Some taxpayers were concerned that a qualified fund could violate the requirement that investments in qualifying assets occur within six months because developing a business or constructing real estate may take longer. In response, the proposed regulations provide a safe harbor that allows qualified businesses to apply the definition of working capital provided in section 1397C(e)(1) to property held by the business for up to 31 months, as long as it meets some requirements.

Those requirements include a “written plan that identifies the financial property as property held for the acquisition, construction, or substantial improvement of tangible property in the Opportunity Zone,” and a “written schedule consistent with the ordinary business operations of the business that the property will be used within 31 months.” Diana M. Lopo of Skadden, Arps, Slate, Meagher & Flom LLP said that every project in an Opportunity Zone will have some sort of start-up or development aspect to it, so allowing 31 months in some instances before the money must be spent is helpful.

Debt and Collateral Treatment

The proposed regulations allow partnerships to elect to defer capital gains at the entity level, and none of the gain need be included in the partners’ distributive shares. If the partnership decides not to defer gain and invest in an eligible fund, partners can make the elections on their portions of the distributive shares, if other requirements are met, the proposed regs say.

Under section 1400Z-2(e)(1), if a taxpayer makes an investment in which some amounts are subject to deferral and others aren’t, those amounts should be treated as separate investments.

The proposed rules clarify that deemed contributions under section 752(a) don’t constitute an investment in a qualified opportunity fund and therefore don’t result in the partner’s having a separate investment. Under section 752(a), any increase in a partner’s share of liabilities, or assumption of liabilities, is considered a contribution from the partner to the partnership.

The statute refers to investment vehicles that qualify for the program as those organized as a corporation or a partnership, so some practitioners wondered whether that meant limited liability companies taxed as corporations or partnerships would technically be ineligible. In the proposed regulations, the government clarifies that a fund “must be an entity classified as a corporation or partnership for federal income tax purposes.”

Bernier said it’s interesting that the proposed regs allow funds to be used as collateral. He used the example of a taxpayer who invests in real estate and after six years wants to refinance the property and take cash out.
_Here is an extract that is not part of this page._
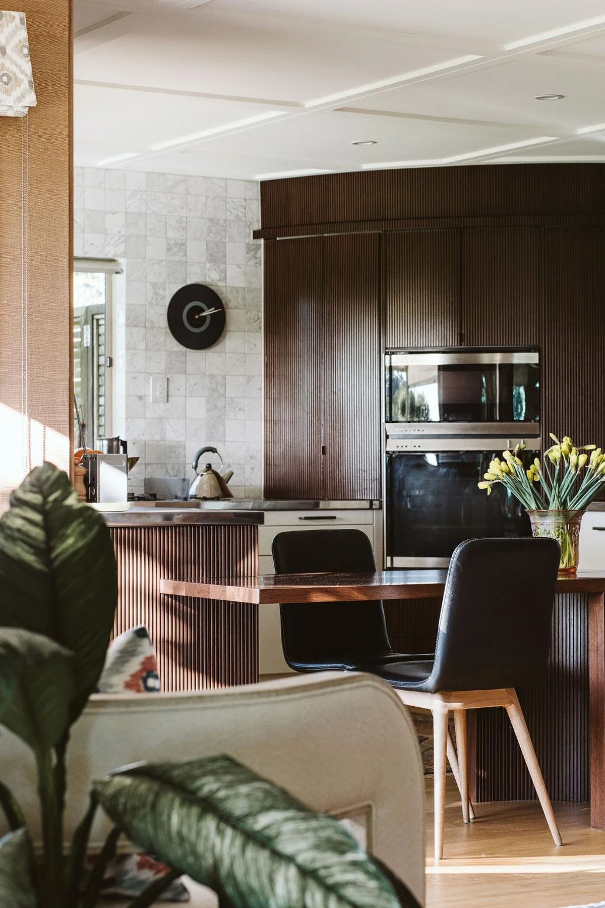 Dark fluted timber cabinetry and Calacatta marble tile give the kitchen a composed intensity that echoes the drama of the level below.

“Under an Opportunity Zone structure, if you refinance the property and took cash out of the Opportunity Zone fund, that would be a disposition and trigger the gain and reduce the amount of investment that is eligible for the 10-year deferral,” Bernier said. “But if you can use [the fund] as collateral, instead of refinancing the property and pulling the cash, you can borrow against the Opportunity Zone fund.” There are a few extra hurdles to using that strategy, but it’s valuable in the real estate world and would be the rough equivalent of a cash-out refinancing, Bernier said.

Other Guidance

Also released October 19 was Rev. Rul. 2018-29, 2018-45 IRB 1, which clarifies the treatment of a qualified fund purchasing an existing building, and whether substantial improvements to the building mean additions to adjusted tax basis in the building, or to the building and the land.

For example, it clarifies that if a fund purchases a building wholly within an Opportunity Zone, a substantial improvement to the building is measured by the fund’s additions to the adjusted basis of the building. Measuring that doesn’t require the fund to separately improve the land on which the building is situated, according to the revenue ruling.

Nickolas Gianou, also of Skadden, said that before the proposed regulations were issued, it was unclear whether improvements needed to be made on both the land and the building. “For zones in which land value is significant and meaningful, this is going to make projects a lot more feasible because it’s just the value attributable to the building that you have to reinvest in,” Gianou said.

Stephanie Cumings contributed to this article.